Railway Wheels and Rails: The contact between a steel wheel and the rail is a classic Hertzian contact problem. Managing contact stress is crucial to prevent rolling contact fatigue (RCF) defects like "squats" or "head checks," which can lead to rail breaks.

Precision Ball Screws and Linear Guides: In CNC machines and robotics, these components transmit motion with minimal friction. Their rated life is directly based on rolling contact fatigue calculations, balancing load, preload, and material to achieve the required precision and longevity.

Common Misconceptions and Points to Note

Let's go over some typical pitfalls you might encounter first with this type of calculation. The first is the misconception that a larger contact half-width 'a' is always safer. While the contact pressure p0 does decrease, the depth z_max at which the maximum shear stress τ_max occurs also becomes deeper. For instance, in a case-hardened gear, if the hardened layer depth is shallower than this z_max, the point of highest stress ends up in the softer core material, which can actually cause premature failure. If you use the tool to increase F and observe how z_max moves, you should get a clear picture of this relationship.

Next, watch out for errors in inputting material parameters. Poisson's ratio ν, in particular, is often casually entered as around 0.3, but it's part of the formula for calculating the equivalent Young's modulus E*: $1/E^* = (1-\nu_1^2)/E_1 + (1-\nu_2^2)/E_2$. Even changing ν from 0.25 to 0.33 can alter E* by several percent, which has an even larger impact on the L10 life. In practice, always verify the values from the material certificate.
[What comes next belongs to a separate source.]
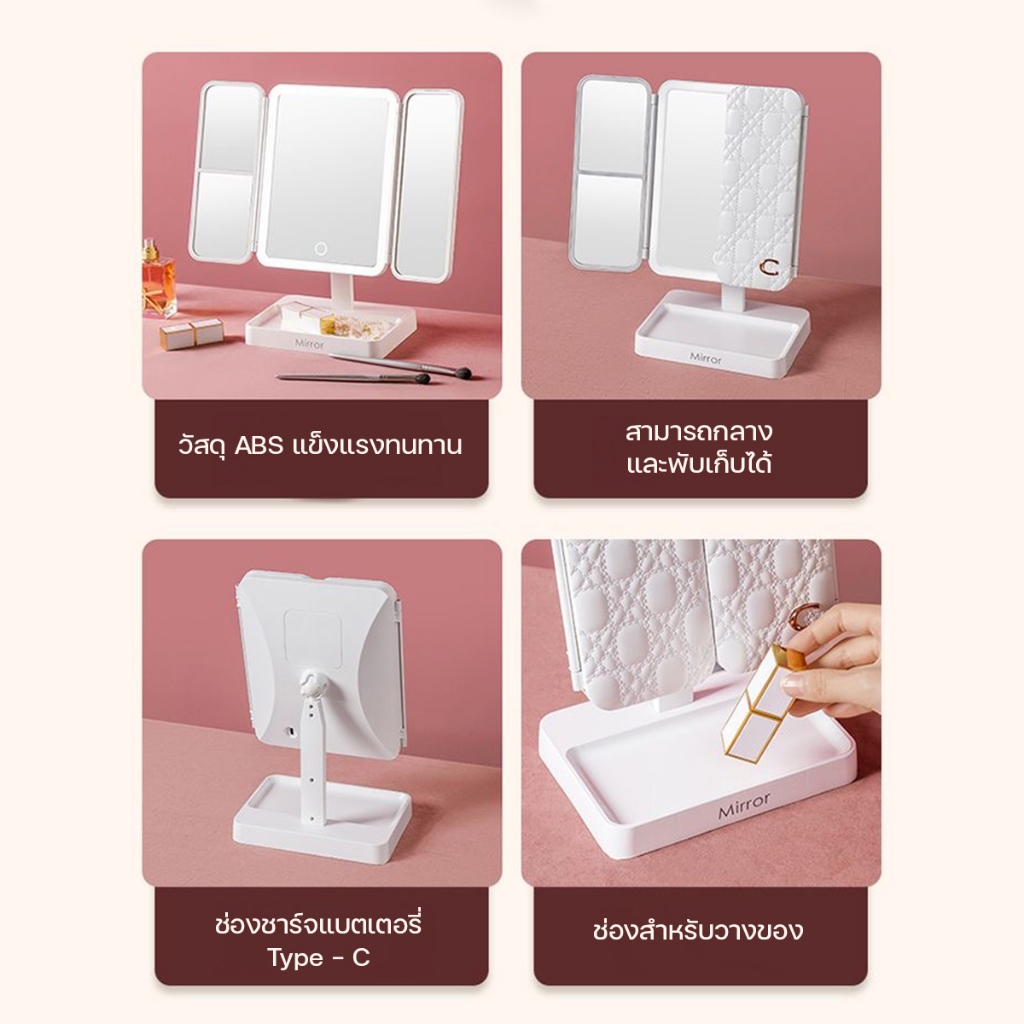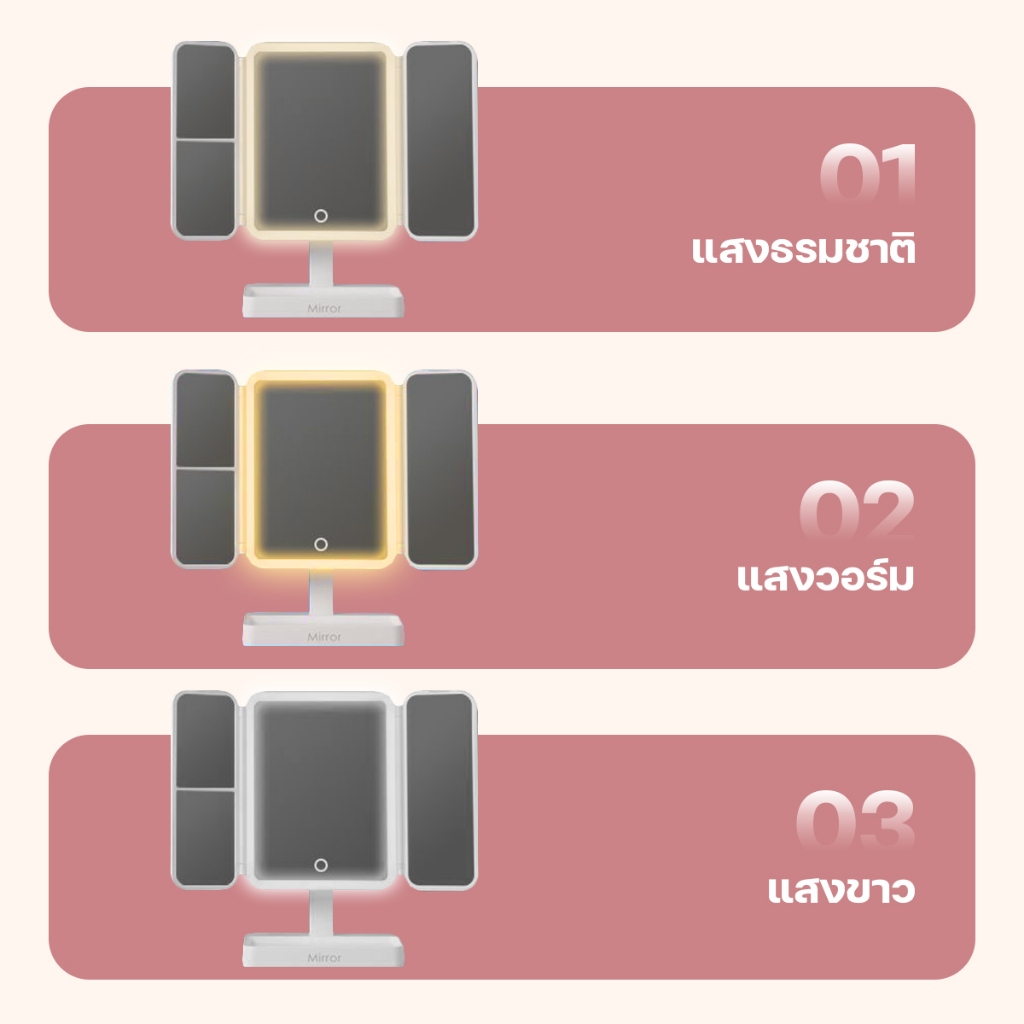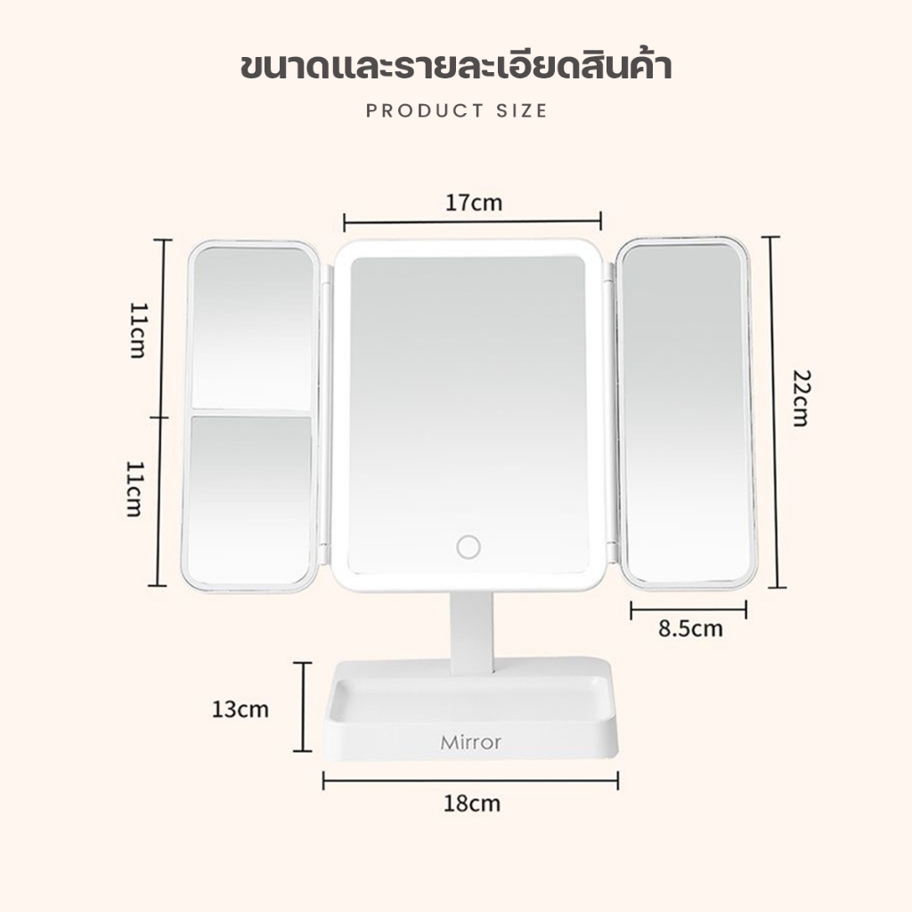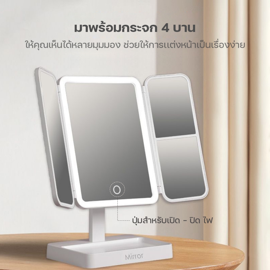 Shimanto กระจกเครื่องสำอาง กระจกพกพาและ ถาดเก็บของ ไฟปรับความสว่างและหมุนปรับองศาได้ ปุ่ม เปิด-ปิดแบบสัมผัส

Finally, don't forget that this calculation provides a baseline for an "idealized state". Actual bearings and gears are subject to countless factors not included in the calculation, such as lubricant effects, surface roughness, residual stresses, and assembly errors. For example, even if the tool calculates a life of 10,000 hours, poor lubrication can easily reduce it to less than a tenth of that. Treat these simulation results as a "benchmark for comparison" and aim for designs with a solid safety factor.

How to Use

  1. Enter the radii of the two contacting surfaces (R1 and R2 in mm). For a ball bearing, use the ball radius; for a raceway, use its radius of curvature (typically 500–5000 mm).
  2. Set the contact length or width (Lcontact in mm). For cylindrical roller bearings, this is the roller length; for ball bearings, approximate as 1.5–2 times the ball diameter.
  3. Input the elastic modulus (E1 in GPa). Use 200 GPa for steel bearing races, 110 GPa for aluminum alloys, 160 GPa for bronze.
  4. Set the applied load (in N). The calculator computes Hertzian contact pressure, subsurface shear stress, and L10 life index in real time.

Worked Example

A deep-groove ball bearing (52100 steel) with ball radius R1=5 mm runs against a raceway with R2=12 mm. Contact width Lcontact=8 mm, E=200 GPa, and radial load=2000 N. The simulator outputs: Contact radius a≈280 µm, peak pressure p₀≈1.85 GPa, maximum shear stress τ_max≈0.62 GPa occurring at depth≈200 µm below surface. Elastic approach δ≈1200 nm. If the L10 index falls below 1.0, pitting risk escalates significantly; above 3.0, surface distress is unlikely over 10⁶ cycles at rated speed.

Practical Notes

  1. For crowned rollers and tapered roller bearings, use the equivalent radius at the most heavily loaded contact point, not the geometric radius, to avoid overestimating life.
  2. Shear stress depth (typically 0.5–1.0 times contact radius) identifies the probable subsurface fatigue crack initiation zone; misalignment can shift this depth outward, worsening spalling.
  3. Lubrication film thickness (not calculated here) must be monitored separately; lambda ratio <1 (boundary/mixed film) accelerates pitting regardless of L10 index.
  4. High-speed spindle bearings (10,000+ rpm) require ceramic hybrid designs to reduce contact stress; recalculate with lower load or larger radius to confirm adequacy.